Raw data>
===

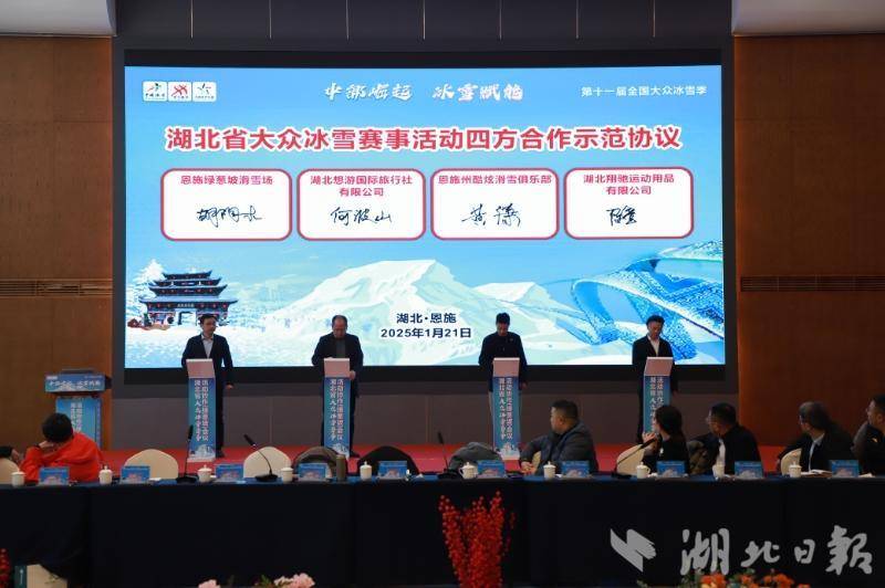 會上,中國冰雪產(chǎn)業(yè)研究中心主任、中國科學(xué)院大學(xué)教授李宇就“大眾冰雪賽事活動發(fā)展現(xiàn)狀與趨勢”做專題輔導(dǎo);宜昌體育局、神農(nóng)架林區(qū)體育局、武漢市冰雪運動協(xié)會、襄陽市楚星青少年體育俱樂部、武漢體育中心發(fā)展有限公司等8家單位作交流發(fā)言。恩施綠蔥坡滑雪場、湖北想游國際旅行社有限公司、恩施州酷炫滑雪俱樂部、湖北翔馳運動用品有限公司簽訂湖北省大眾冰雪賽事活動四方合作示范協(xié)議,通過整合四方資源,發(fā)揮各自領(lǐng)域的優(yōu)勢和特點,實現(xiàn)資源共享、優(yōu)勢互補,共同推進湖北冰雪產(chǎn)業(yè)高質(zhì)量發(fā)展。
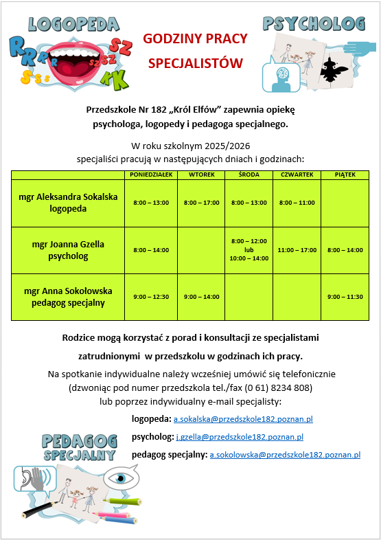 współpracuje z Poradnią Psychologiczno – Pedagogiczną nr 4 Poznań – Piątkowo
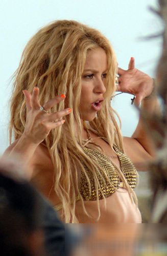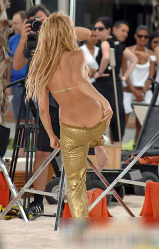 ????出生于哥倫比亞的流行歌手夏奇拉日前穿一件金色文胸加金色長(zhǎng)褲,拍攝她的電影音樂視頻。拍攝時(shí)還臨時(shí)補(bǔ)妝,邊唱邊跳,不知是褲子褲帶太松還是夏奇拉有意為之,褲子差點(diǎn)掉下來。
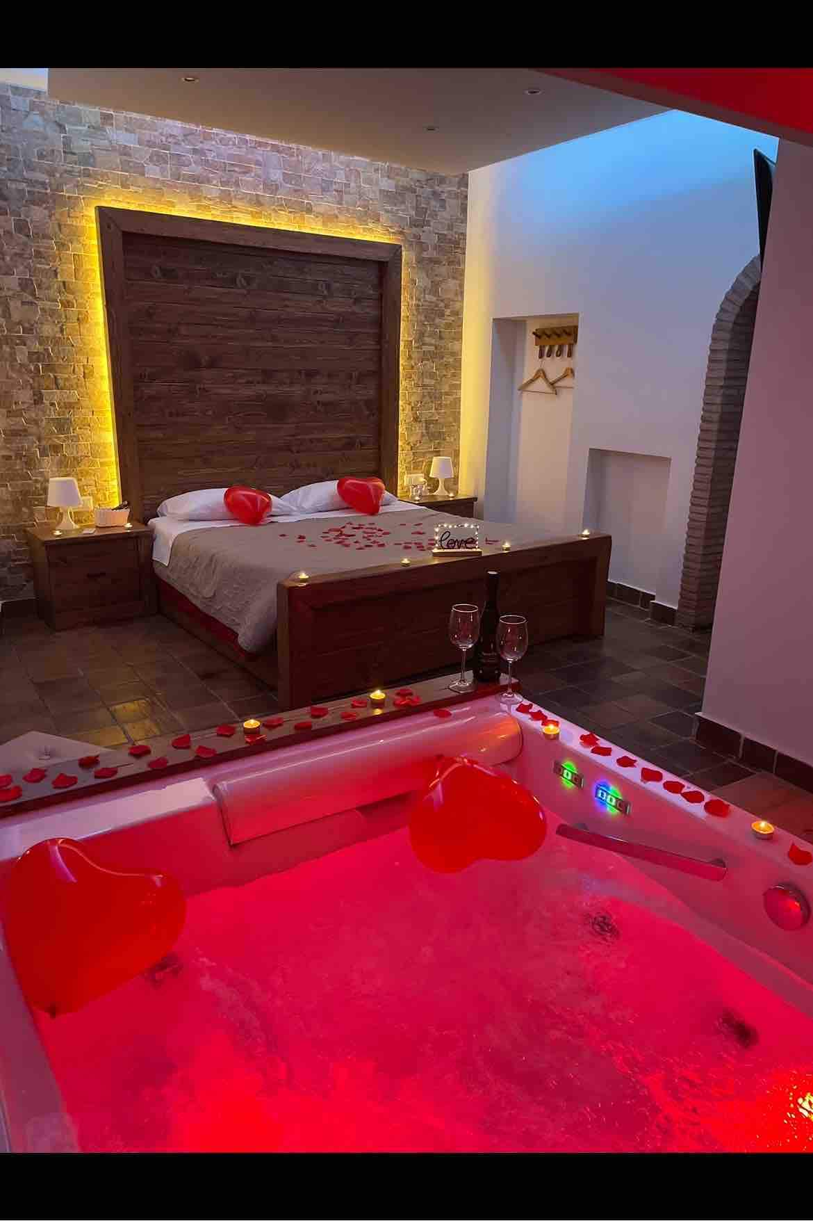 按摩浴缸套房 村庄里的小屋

===

Task item>
Reproduce the listing exactly, images omitted.

Output of the task>
 會上,中國冰雪產(chǎn)業(yè)研究中心主任、中國科學(xué)院大學(xué)教授李宇就“大眾冰雪賽事活動發(fā)展現(xiàn)狀與趨勢”做專題輔導(dǎo);宜昌體育局、神農(nóng)架林區(qū)體育局、武漢市冰雪運動協(xié)會、襄陽市楚星青少年體育俱樂部、武漢體育中心發(fā)展有限公司等8家單位作交流發(fā)言。恩施綠蔥坡滑雪場、湖北想游國際旅行社有限公司、恩施州酷炫滑雪俱樂部、湖北翔馳運動用品有限公司簽訂湖北省大眾冰雪賽事活動四方合作示范協(xié)議,通過整合四方資源,發(fā)揮各自領(lǐng)域的優(yōu)勢和特點,實現(xiàn)資源共享、優(yōu)勢互補,共同推進湖北冰雪產(chǎn)業(yè)高質(zhì)量發(fā)展。
 współpracuje z Poradnią Psychologiczno – Pedagogiczną nr 4 Poznań – Piątkowo
 ????出生于哥倫比亞的流行歌手夏奇拉日前穿一件金色文胸加金色長(zhǎng)褲,拍攝她的電影音樂視頻。拍攝時(shí)還臨時(shí)補(bǔ)妝,邊唱邊跳,不知是褲子褲帶太松還是夏奇拉有意為之,褲子差點(diǎn)掉下來。
 按摩浴缸套房 村庄里的小屋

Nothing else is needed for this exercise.